### Your instructions
Transcribe the data below verbatim from the line with "Bu kapsamda 447" to the line with "仪式上,中国自行车运动协会与". Include both of those lines.

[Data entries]
= Beginning of Section =

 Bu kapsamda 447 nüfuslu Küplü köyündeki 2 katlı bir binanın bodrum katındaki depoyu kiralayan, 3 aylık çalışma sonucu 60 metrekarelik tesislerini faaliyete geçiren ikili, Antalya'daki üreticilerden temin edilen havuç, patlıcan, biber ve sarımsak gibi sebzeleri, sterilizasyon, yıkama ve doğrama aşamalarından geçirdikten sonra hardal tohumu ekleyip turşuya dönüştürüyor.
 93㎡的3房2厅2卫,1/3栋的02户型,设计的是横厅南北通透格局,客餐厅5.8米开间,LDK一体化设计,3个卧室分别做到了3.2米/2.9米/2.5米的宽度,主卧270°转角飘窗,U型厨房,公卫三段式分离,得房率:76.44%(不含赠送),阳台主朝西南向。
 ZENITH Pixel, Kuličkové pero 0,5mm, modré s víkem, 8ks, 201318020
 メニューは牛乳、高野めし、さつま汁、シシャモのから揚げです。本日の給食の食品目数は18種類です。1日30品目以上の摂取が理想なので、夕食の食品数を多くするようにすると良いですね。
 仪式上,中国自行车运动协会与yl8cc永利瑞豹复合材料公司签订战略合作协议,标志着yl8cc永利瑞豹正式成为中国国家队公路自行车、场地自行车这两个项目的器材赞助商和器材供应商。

= End of Section =
= Beginning of Section =

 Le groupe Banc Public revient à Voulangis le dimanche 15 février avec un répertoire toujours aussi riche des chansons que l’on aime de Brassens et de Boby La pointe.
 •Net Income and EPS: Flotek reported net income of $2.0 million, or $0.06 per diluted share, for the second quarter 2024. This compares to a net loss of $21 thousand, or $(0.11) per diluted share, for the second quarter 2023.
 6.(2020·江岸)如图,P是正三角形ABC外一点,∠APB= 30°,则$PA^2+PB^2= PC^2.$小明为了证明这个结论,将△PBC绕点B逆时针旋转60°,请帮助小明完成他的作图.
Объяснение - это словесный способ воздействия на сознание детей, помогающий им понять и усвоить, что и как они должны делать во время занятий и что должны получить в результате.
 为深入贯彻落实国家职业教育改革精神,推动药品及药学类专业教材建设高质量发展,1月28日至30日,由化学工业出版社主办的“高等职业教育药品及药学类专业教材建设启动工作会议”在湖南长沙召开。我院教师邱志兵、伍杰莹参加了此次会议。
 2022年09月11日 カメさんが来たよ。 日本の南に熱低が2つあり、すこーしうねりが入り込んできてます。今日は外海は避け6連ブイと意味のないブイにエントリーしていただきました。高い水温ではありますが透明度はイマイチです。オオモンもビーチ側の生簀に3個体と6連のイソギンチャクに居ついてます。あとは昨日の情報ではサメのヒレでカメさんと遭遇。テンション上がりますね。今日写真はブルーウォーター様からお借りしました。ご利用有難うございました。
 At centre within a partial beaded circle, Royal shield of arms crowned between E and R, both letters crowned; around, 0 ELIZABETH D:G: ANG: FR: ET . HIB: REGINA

= End of Section =

### Result
 Bu kapsamda 447 nüfuslu Küplü köyündeki 2 katlı bir binanın bodrum katındaki depoyu kiralayan, 3 aylık çalışma sonucu 60 metrekarelik tesislerini faaliyete geçiren ikili, Antalya'daki üreticilerden temin edilen havuç, patlıcan, biber ve sarımsak gibi sebzeleri, sterilizasyon, yıkama ve doğrama aşamalarından geçirdikten sonra hardal tohumu ekleyip turşuya dönüştürüyor.
 93㎡的3房2厅2卫,1/3栋的02户型,设计的是横厅南北通透格局,客餐厅5.8米开间,LDK一体化设计,3个卧室分别做到了3.2米/2.9米/2.5米的宽度,主卧270°转角飘窗,U型厨房,公卫三段式分离,得房率:76.44%(不含赠送),阳台主朝西南向。
 ZENITH Pixel, Kuličkové pero 0,5mm, modré s víkem, 8ks, 201318020
 メニューは牛乳、高野めし、さつま汁、シシャモのから揚げです。本日の給食の食品目数は18種類です。1日30品目以上の摂取が理想なので、夕食の食品数を多くするようにすると良いですね。
 仪式上,中国自行车运动协会与yl8cc永利瑞豹复合材料公司签订战略合作协议,标志着yl8cc永利瑞豹正式成为中国国家队公路自行车、场地自行车这两个项目的器材赞助商和器材供应商。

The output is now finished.